Agreements for a Truly Safe Space

We read the five Healing Circles Langley agreements before every circle. The explanation of them is my understanding of what they mean but we have discovered that deepening this understanding is a lifelong study.

We treat each other with kindness and respect.

Everyone is welcome here. Everything is welcome here. That means that we allow others the space to share w/out interrupting, that we offer each other our full attention and presence.

We listen with compassion and curiosity.

Suspending our judgments, fixed ideas, our belief that we may know more than someone else. Staying open to whatever is being shared with compassion and curiosity for another’s experience with pain.

We honor each other’s unique ways to healing and don’t presume to advise, fix, or save one another.

Everyone here is an expert in his or her own experience. While we can share our own experience with the group and hope that this might be inspiring or helpful to others, we accept that each of us knows best for ourselves what is needed and helpful on their own healing journey. We also do not need to – nor should we – take on anyone else’s pain – we compassionately witness it without assuming responsibility for bearing it.

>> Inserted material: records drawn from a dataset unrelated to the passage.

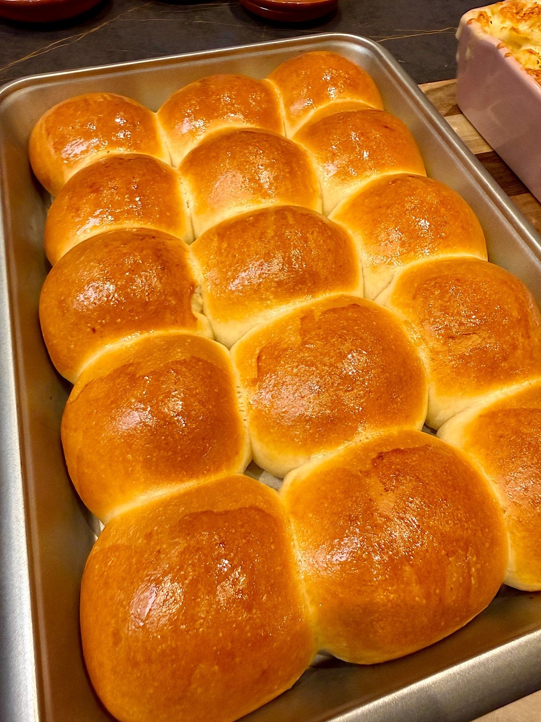 Leg een bakplaat met heet water op de bodem van de oven. De stoom zorgt ervoor dat je broodjes extra fluffy worden.
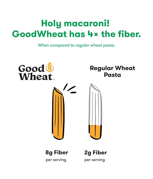 Made by pasta lovers for pasta lovers, GoodWheat tastes amazing, AND it’s better for you. That’s because our GoodWheat is naturally more nutritious with 4x more fiber than regular pasta, so it fills you up and keeps you going.
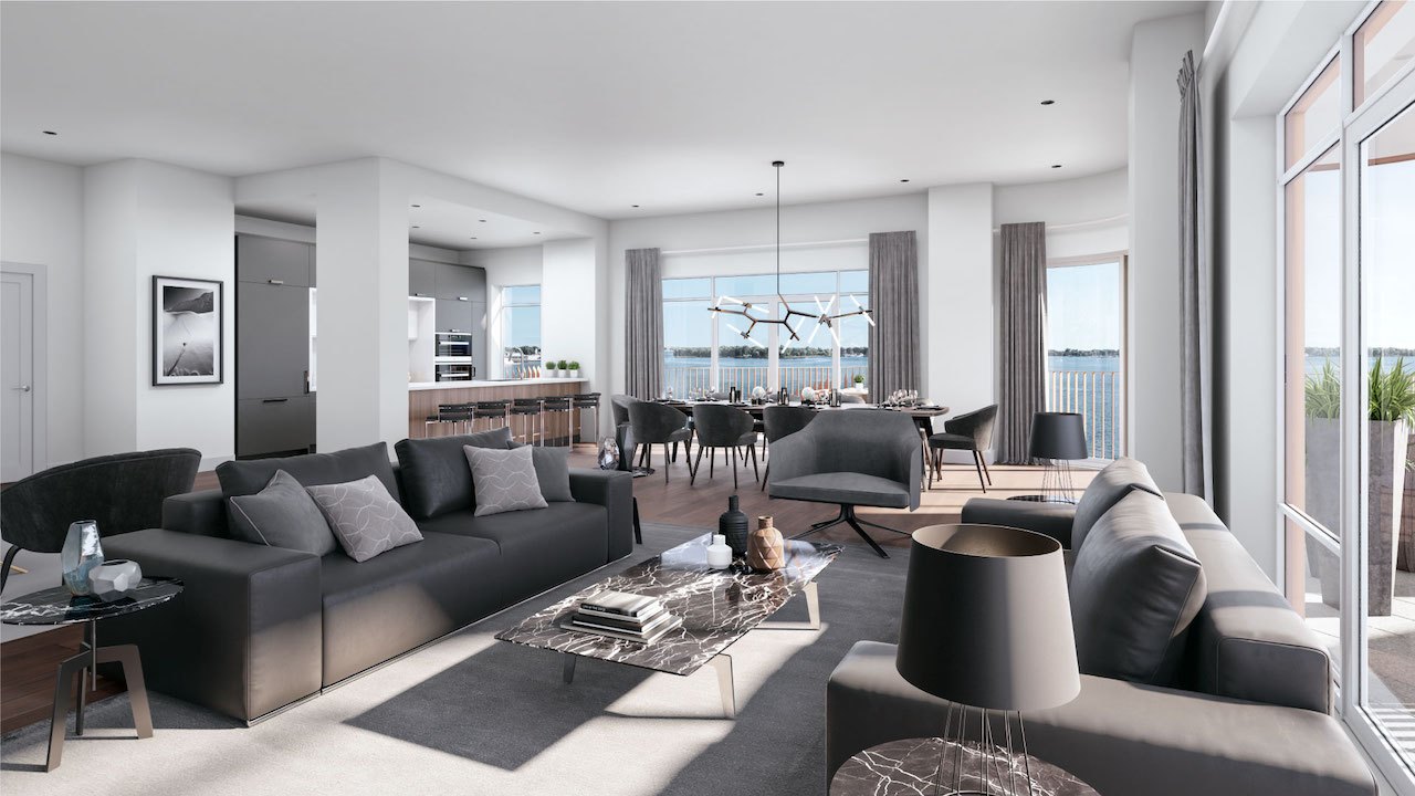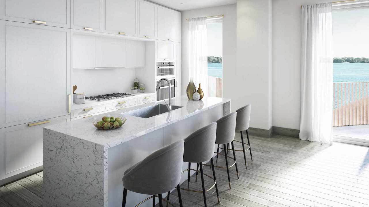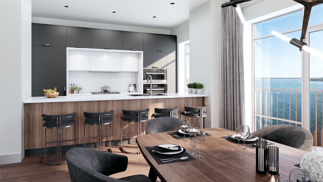 Danish architect 3XN is the design team tasked to create this final phase of the Bayside community. The striking design of Aqualuna at Bayside condos mimics the flowing form a wave by dipping in the middle of two residential peaks with each unit given a cascading private balcony. Most condo suites feature private oversized balconies or large terraces with unobstructed views of the water. It’s no wonder Aqualuna is one of Toronto’s most desirable condo addresses.
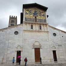 ずいぶんと横に幅広い三廊バシリカだなと思いましたが、中に入ると広々としているのに、アーチで区切られていることもあり、薄暗いです。一応、彫刻の施された洗礼槽や、礼拝堂の絵画や彫刻などの見どころの部分には照明があり、見学できます。
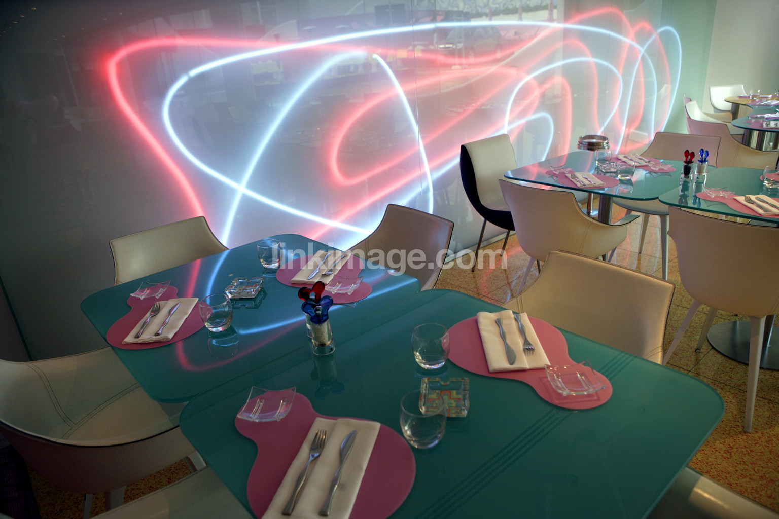 - hotel, design, table, chairs, restaurant, eat, food, groaning, serving, service, fluorescent, neon colors, glass, cutlery, sl3106
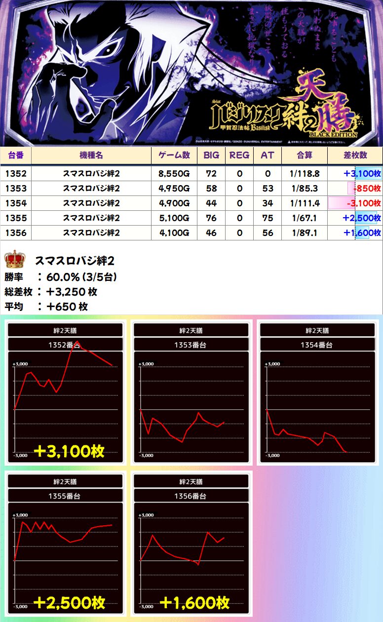 スマスロバジ絆2 (3/5台+) ➡平均 +650枚
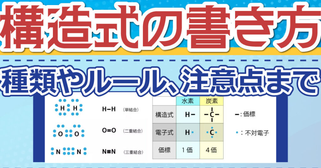 構造式は、原子と結合の配置を示す図です。分子の相互作用や特性を視覚的に理解できるツールとなります。以下は構造式に関連する基本用語です。
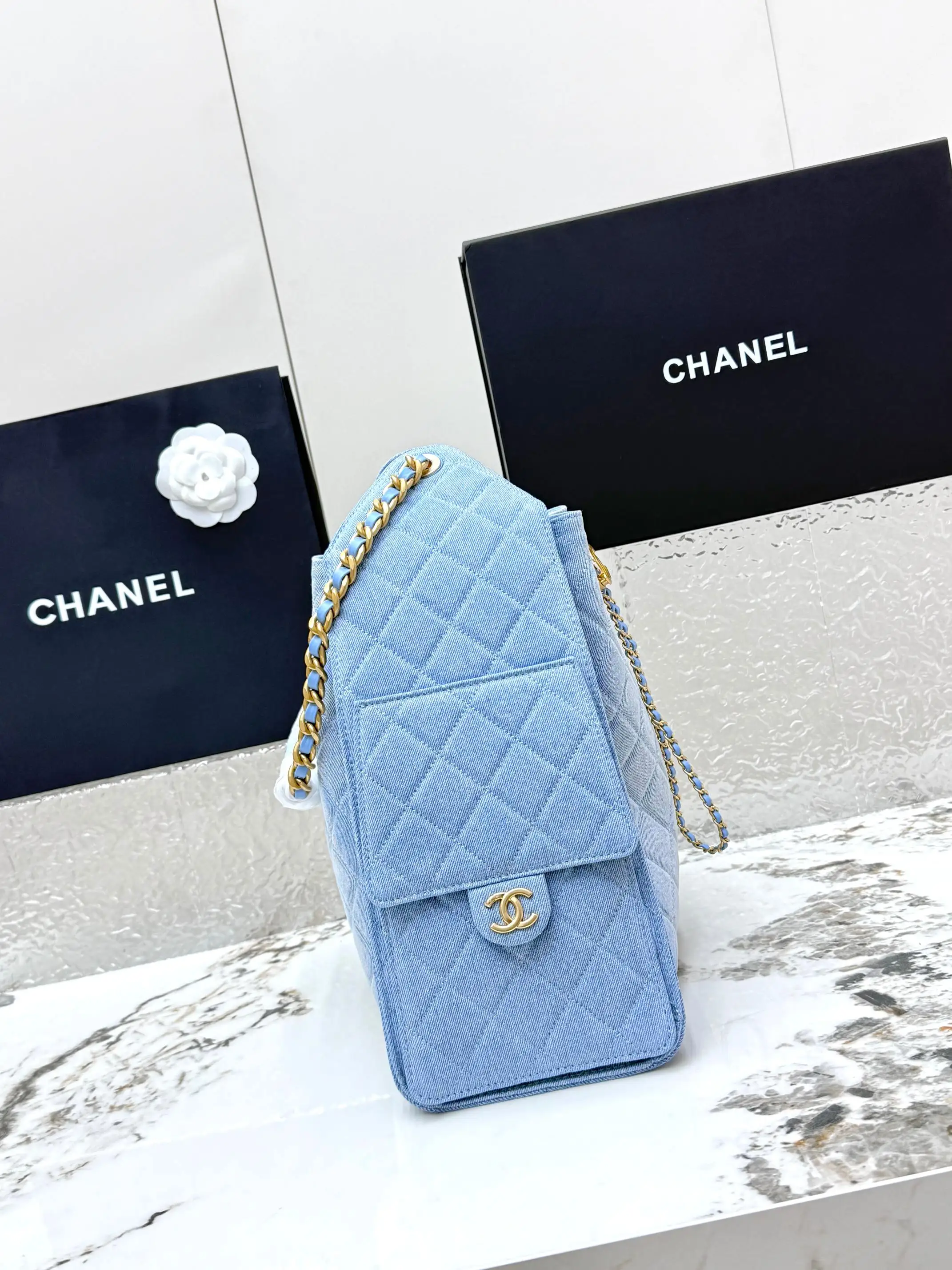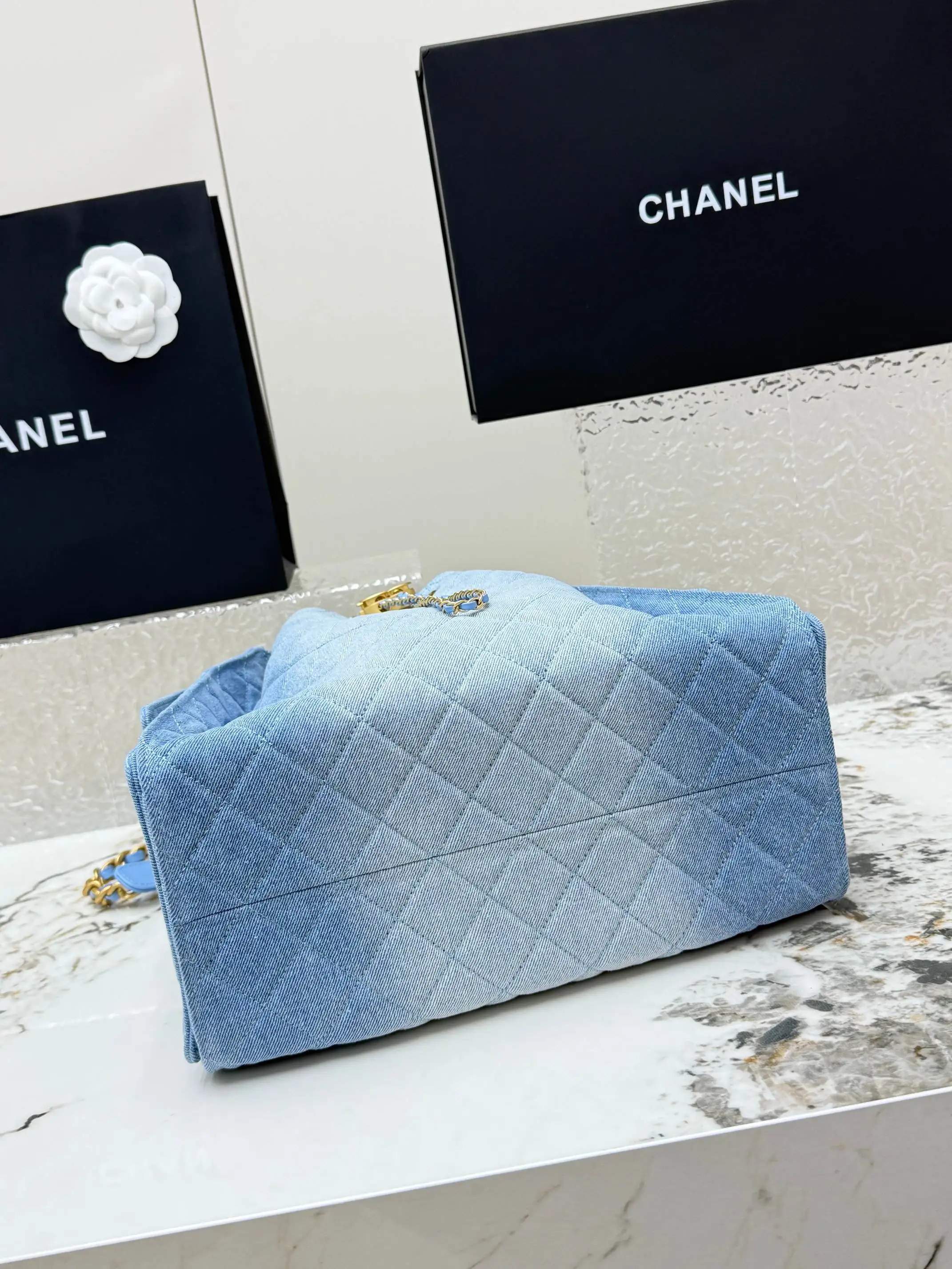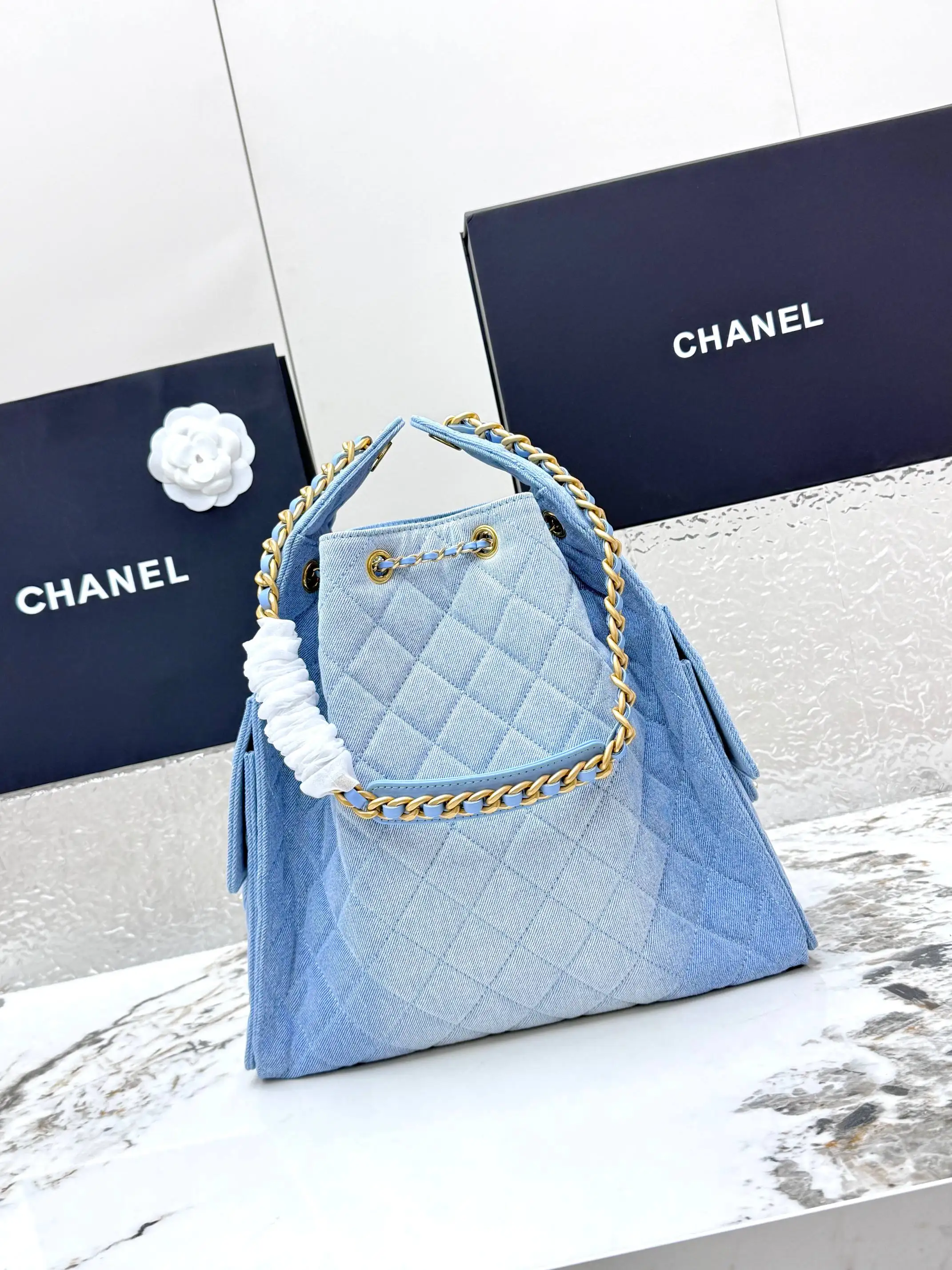 [Imported Genuine Leather ] CHANEL [Rose] (Medium Denim) Original Order Chanel Shoulder Bag 25Bag 26C Gold Double C Logo Quilted Pattern Leather Woven Chain Grained Embossed Imported Denim with Calfskin [Coffee] Medium Classic Blue Fabric, Runway Hot Hobo Unique design, the multi-pocket design perfectly embodies a casual and lazy vibe, paired with a lustrous retro hardware logo, it can be said to be the king of this season. Model: AS5311 Dimensions: Length 40xWidth 15xHeight 30cm!
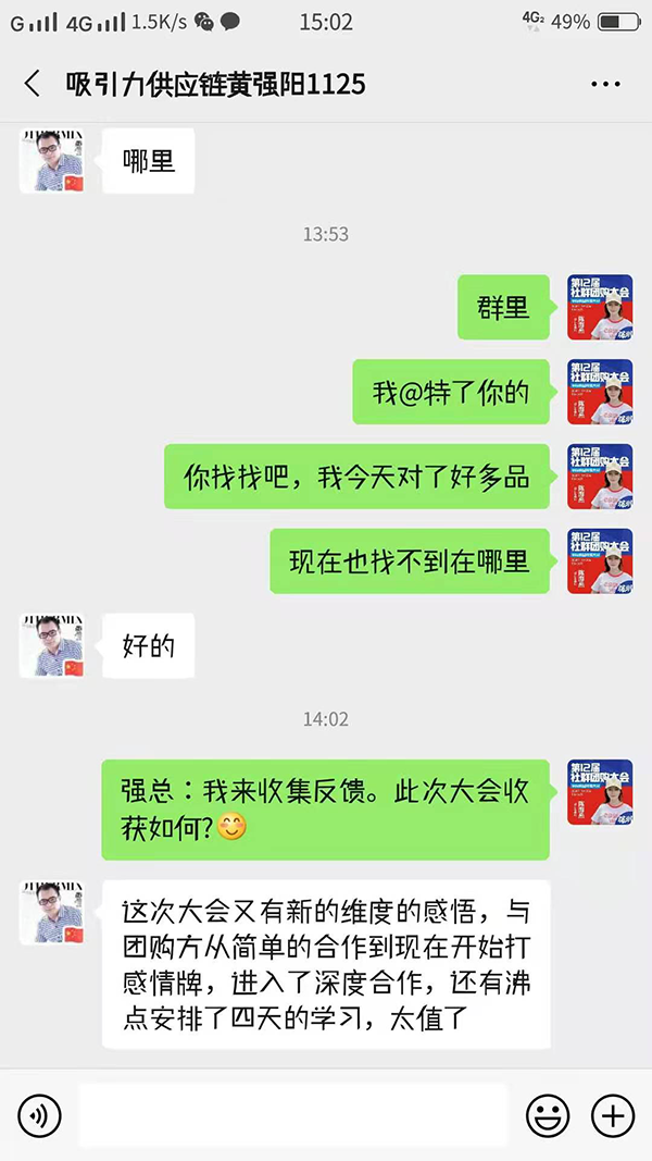 @吸引力供应链黄强阳:这次大会又有新的维度的感悟,与团购方从简单的合作到现在开始打感情牌,进入了深度合作,还有沸点天下安排了四天的学习,太值了。
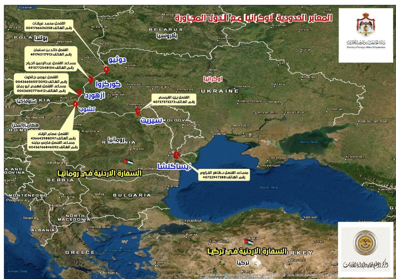 خريطة وأسماء المعابر والنقاط الحدودية بين أوكرانيا، والدول المجاورة "رومانيا و هنغاريا و سلوفاكيا وبولندا"، والتي يتواجد فيها
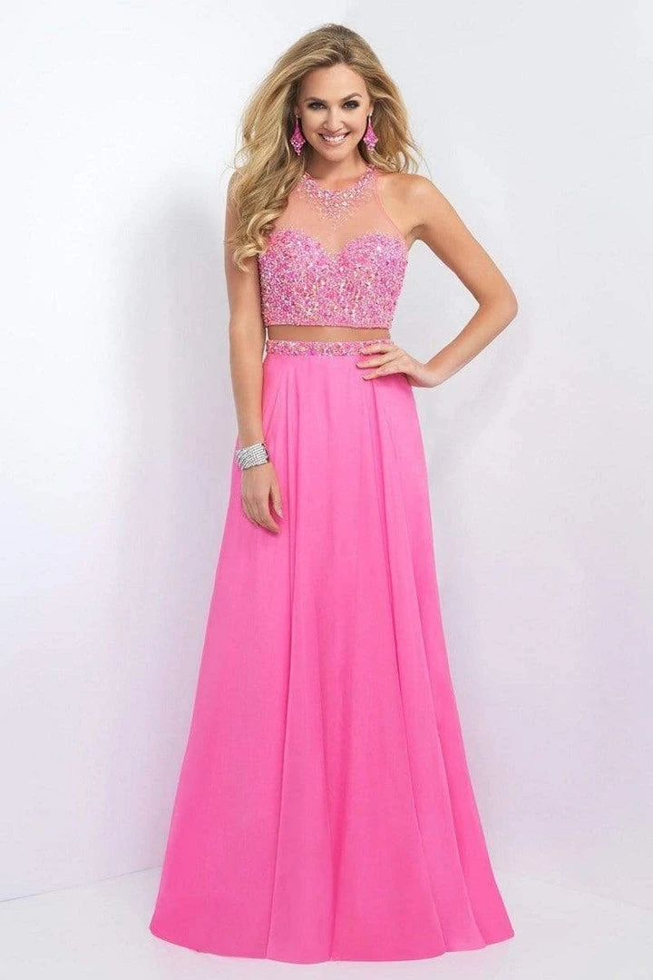 Look marvelous for your next formal affair wearing this two-piece evening gown by Blush 11062. The cropped top has sheer fabric at the upper portion and sparkling stones at the bodice. The midriff is bare. The matching skirt vaunts glittering detail at the top of the waist. The skirt has a gentle A-line silhouette and finishes with a full length hem. This Blush gown is a brilliant pick for any special party.
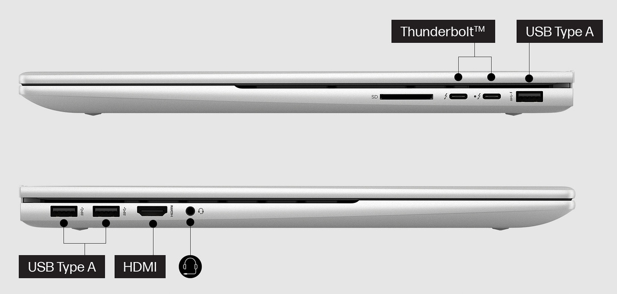 - Порты и разъемы: 2 порта Thunderbolt 4, скорость передачи данных до 40 Гбит/с (совместимость с USB4 Type-C, поддержка DisplayPort 1.4 и Power Delivery) | 3 порта SuperSpeed USB Type-A (10 Гбит/с) | вход стереомикрофона/выход на наушники (комбинированный) | цифровой разъем HDMI 2.1

We each hold all stories shared in the circle confidential.

This is a small community and we need to respect each other’s privacy and confidentiality so that this circle can continue to be a safe space – what is shared in this circle stays in this circle. We don’t even share the names of one another outside this circle. And if you approach someone outside of the circle about something that was shared in the circle, always first ask their permission.

We trust each of us has guidance we need within us and we rely on the power of silence to access it.

At any time anyone can call for a moment of silence and we will ring the bell. Silence is a powerful way to access our own inner guidance and can also hold anything that is offered to the circle.